I remembered her sitting beside me, a book in her hands, explaining things I only half understood.
— "Look at, Ymir."
Always that.
— "You'll understand later."
My Mentalist abilities appeared early. Not suddenly, but gradually. An intuition that was too precise. A way of understanding people that didn't feel normal.
She was never surprised.
Not once.
My father… I have no memory of him. Not a single one. But she always spoke well of him. Always had an excuse.
— "He's busy."
— "He'll come back."
Over time… I stopped believing it.
But now, I understand something else.
If I inherited Controller abilities…
then that didn't come from her.
It came from him.
And that thought…
irritates me more than I want to admit.
I returned to my dorm without really noticing. I closed the door behind me and sat on the bed. My interface activated automatically, and a video caught my attention. News. Incident.
I played it.
Flames.
Screams.
An Elementalist.
He raised his hand… and the fire followed.
People collapsed.
Some were still burning.
I didn't stop it.
I just watched.
Then—
the memories came back.
All at once.
The heat.
The smell.
The fire.
Masha…
I saw her again. Standing in front of me. Not moving. As if she had already accepted it.
The house.
The voices.
Then nothing.
Just ashes.
A tear slid down my cheek. I didn't bother wiping it away. My hand slowly clenched.

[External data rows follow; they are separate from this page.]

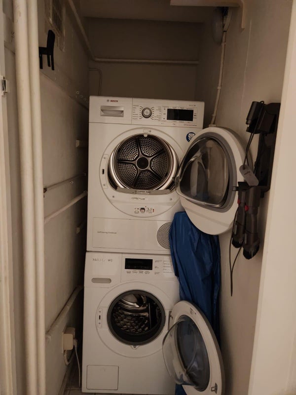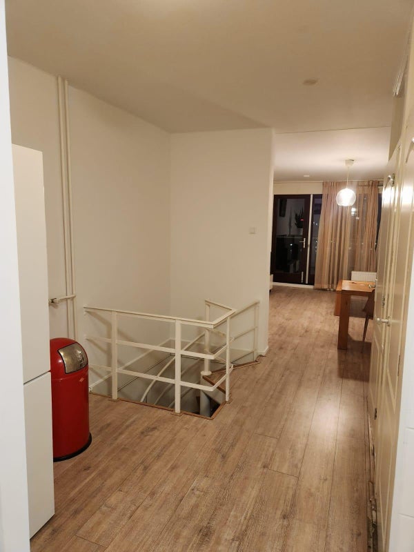 In de hal tref je de wasruimte aan met zowel een wasmachine als droger, het toilet en het trappenhuis naar de ruimte beneden. Op dezelde verdieping vindt je de woonkamer, een eettafel met stoelen, een bankstel, T.V. en T.V. meubel, salontafel en een schuifdeur die toegang geeft tot het balkon met een mooi uitzicht op het Sloterplas.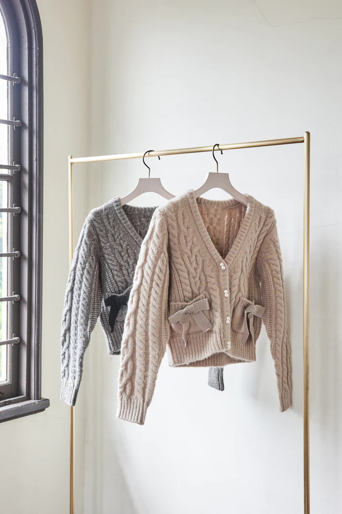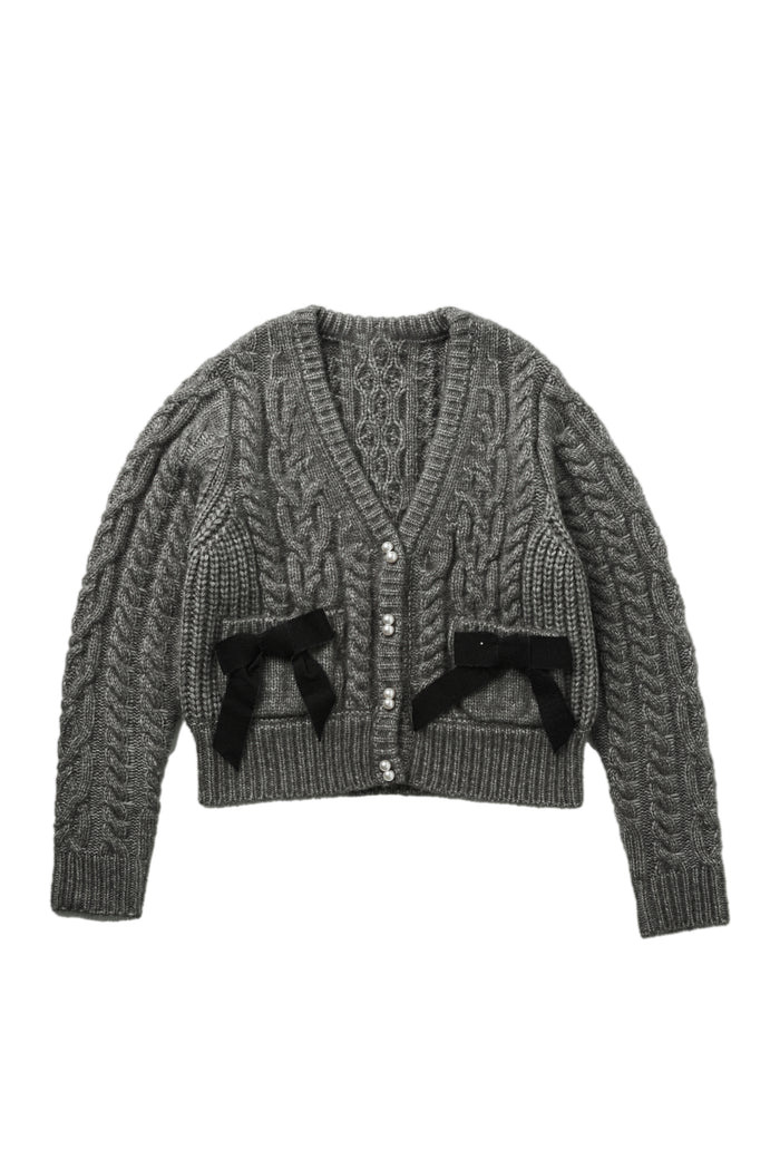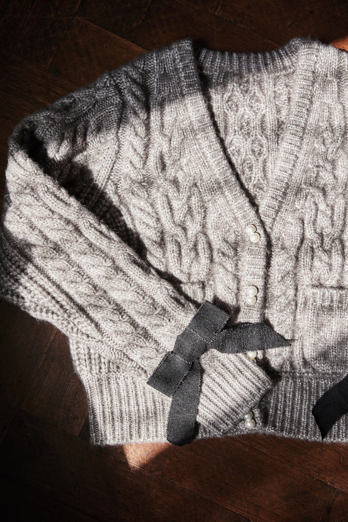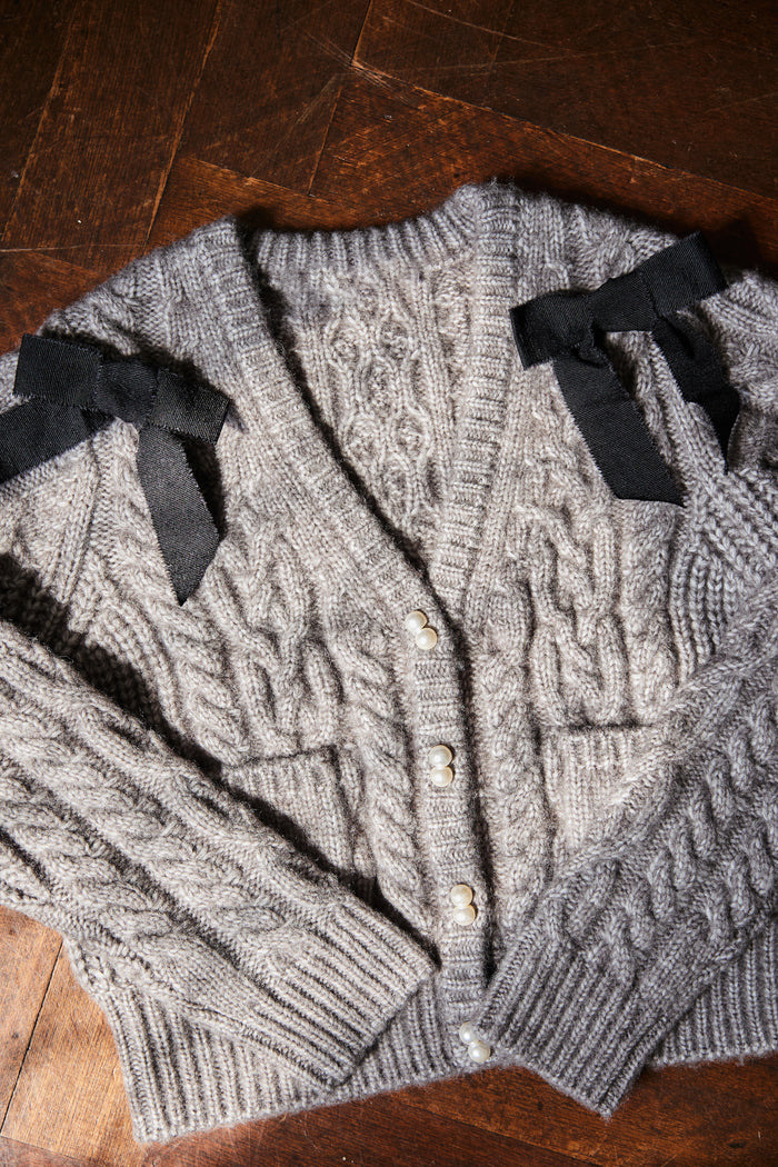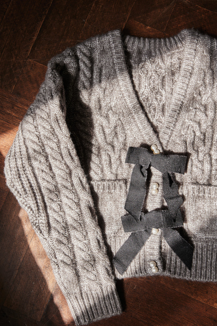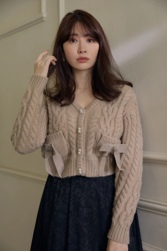 Wパールボタンが印象的な上品なメランジ糸を使ったケーブルニットカーディガン。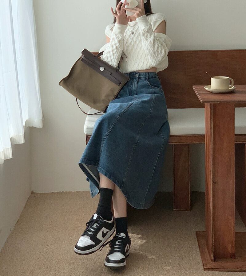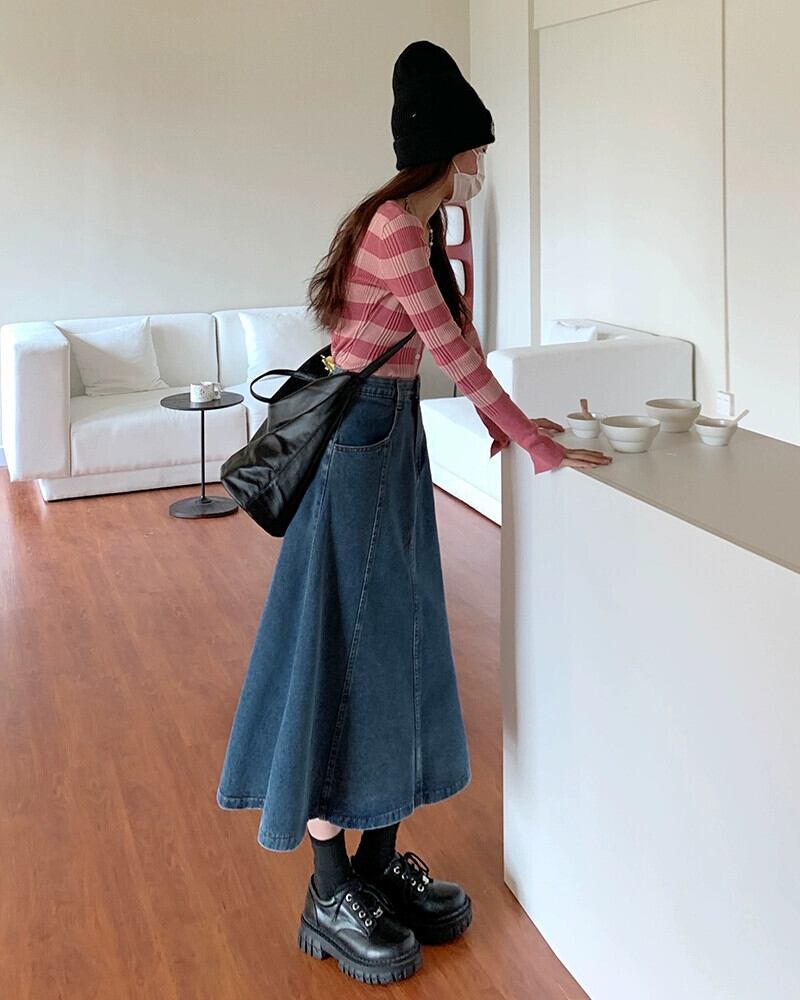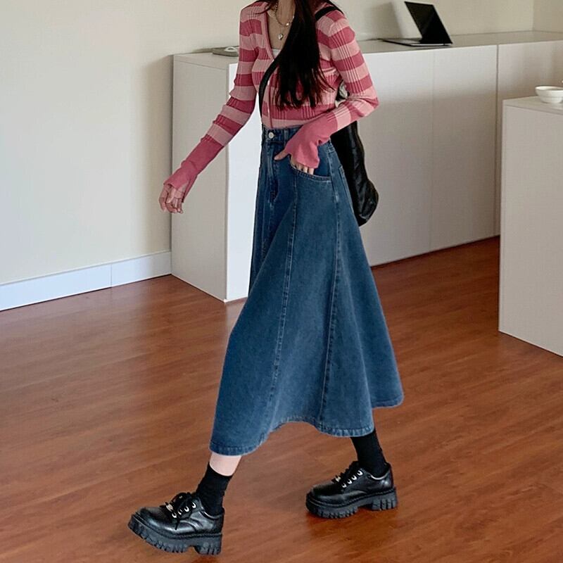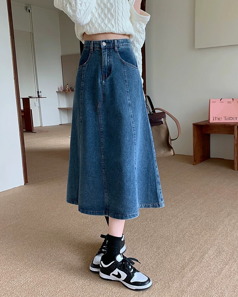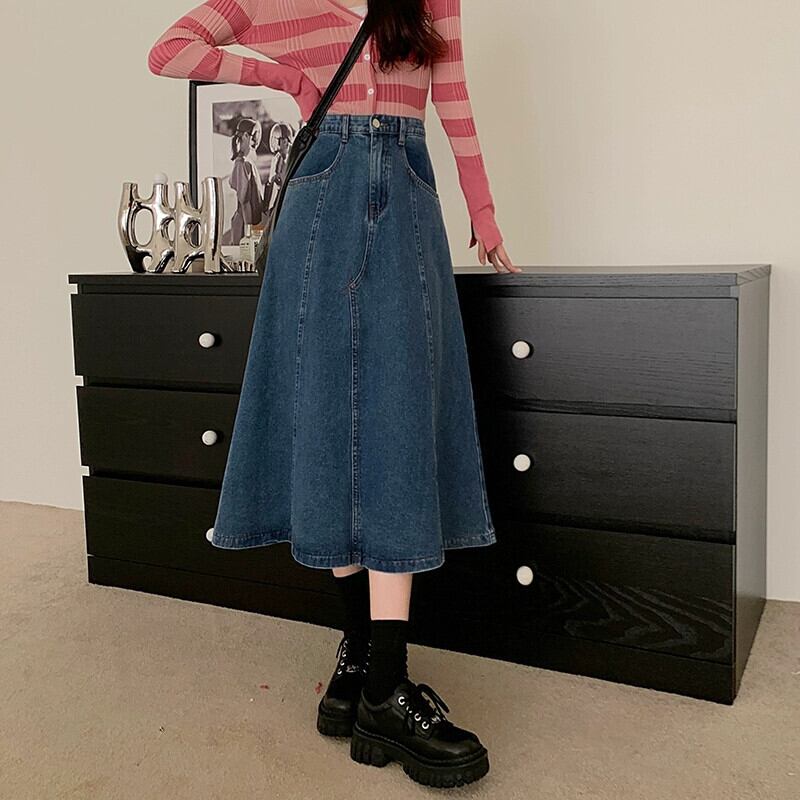 ブルーデニムスカートの女性の小柄な春 2023 新しいミッドレングスハイウエスト A ラインスカートレトロロングスカート スプリング 春物 Aライン 857166154653065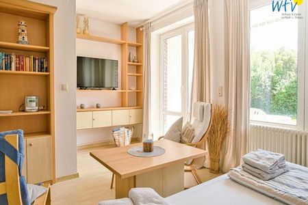 Genießen Sie in unserer "Ferienwohnung Sandfloh" auf Wangerooge herrlich entspannte Urlaubstage! Ein gemütlicher Wohn-/Schlafraum und eine offene Küche sowie eine sonnige Südterrasse mit Garten bieten Ihnen Platz für die Auszeit zu zweit. Annehmlichkeiten wie SmartTV und freies WLAN sorgen für weiteren Komfort. Wir wünschen Ihnen gute Erholung in sehr schöner, zentraler und strandnaher Lage. Nach nur 10 Minuten Fußweg begrüßen Sie bereits die Nordsee!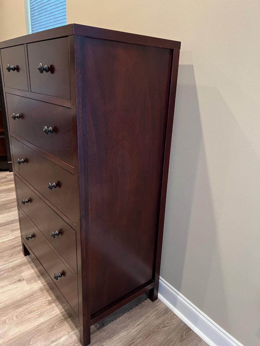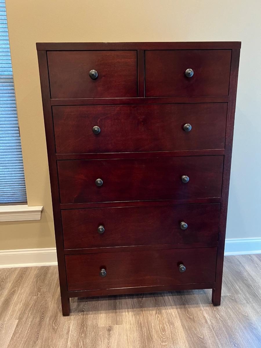 LY FURNITURE Tall 6 Drawer Dresser Measures 56 inches tall, 36!inches wide and 56 inches deep.

One day… I'll kill them all.
The thought was clear. Cold. But not irrational. I didn't know exactly who yet. Or how many. Or how.
But I knew why.
And that was enough.
One last memory surfaced. Her. On her knees. Flames surrounding her. Her body already failing, but her eyes… calm. Fixed on me.
And this time—
I heard her.
Not with my ears.
Directly in my mind.
— Run, Ymir. Listen to me. Never show what you truly are. Not until you find your father.
I understood immediately. She wasn't talking about my Mentalist abilities. She was talking about the other part. The one no one must see. The one even I don't fully understand yet.
The Controller abilities.
The memory shattered.
I stayed still in the silence. My thoughts were clear now, too clear, and for the first time in a long time it wasn't the uncertainty that bothered me, it was what I was going to become.